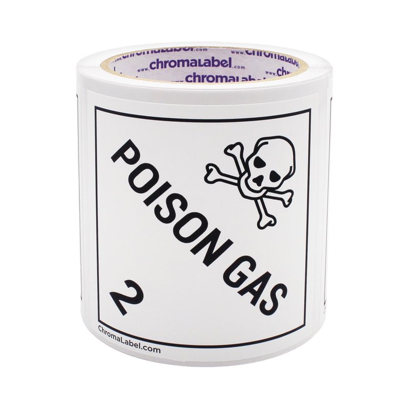4" x 4" Permanent Durable Square D.O.T. Hazard Labels, Hazard Class 2 Poison Gas Label, 100/Roll
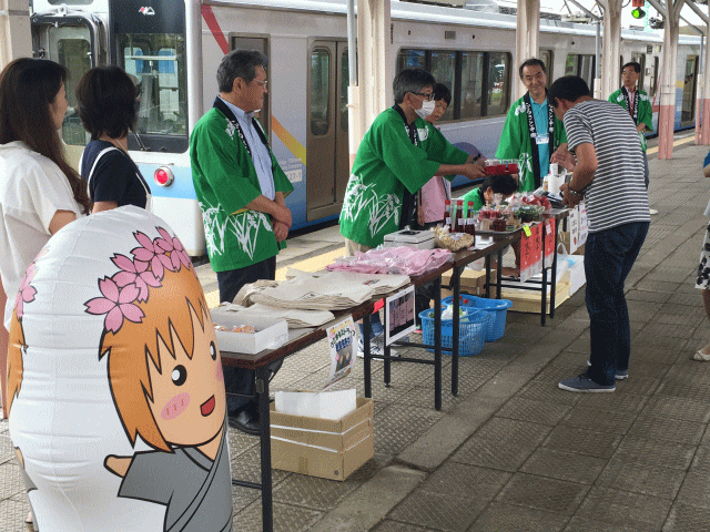 二本木駅では現地の特産品などを売っていましたが、無料で何かもらう事が出来ないと、人は群がりません・苦笑。翌々日に乗車したしなの鉄道のろくもんでは、ちゃんと無料で差し上げるものがあって、その見返りに思わず饅頭を買ってしまいましたからね・・・。
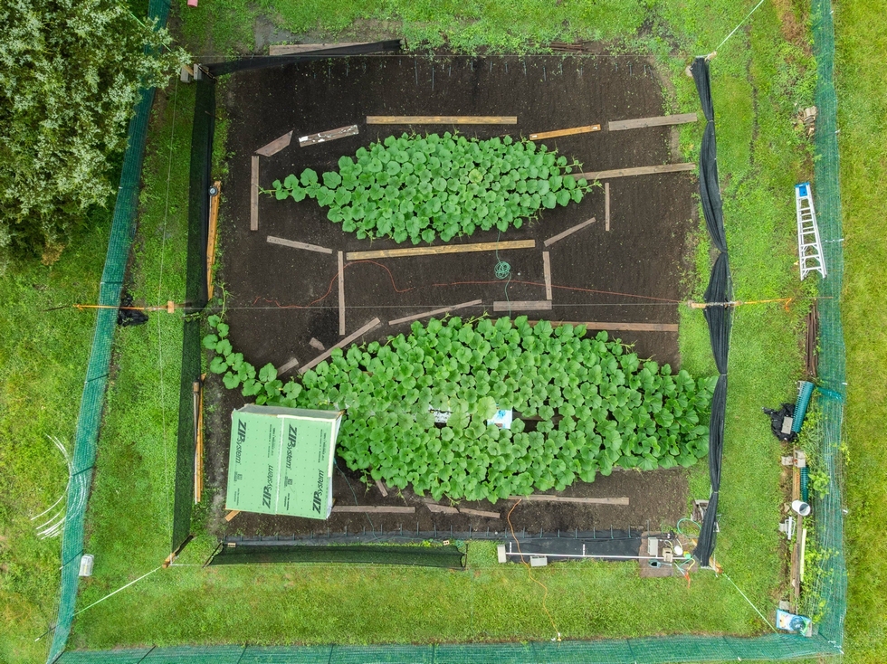 Overhead view of the patch from 2 days ago, all was going pretty well. The rain has washed out most of the nitrogen, and I haven't been able to add much back with continued rain. Pumpkin on the 2006 is growing well so far, and I built a small shed around to block the weather. Then last night a strong storm came through and rolled several vines and I lost some of the larger leaves and ends of the vines. It's just a constant battle with the weather here in Missouri
+++
▶ Task description
All that is needed here is the run of lines from the one containing "二本木駅では現地の特産品など" through the end of the material above, reproduced exactly and without pictures.

▶ Response below
 二本木駅では現地の特産品などを売っていましたが、無料で何かもらう事が出来ないと、人は群がりません・苦笑。翌々日に乗車したしなの鉄道のろくもんでは、ちゃんと無料で差し上げるものがあって、その見返りに思わず饅頭を買ってしまいましたからね・・・。
 Overhead view of the patch from 2 days ago, all was going pretty well. The rain has washed out most of the nitrogen, and I haven't been able to add much back with continued rain. Pumpkin on the 2006 is growing well so far, and I built a small shed around to block the weather. Then last night a strong storm came through and rolled several vines and I lost some of the larger leaves and ends of the vines. It's just a constant battle with the weather here in Missouri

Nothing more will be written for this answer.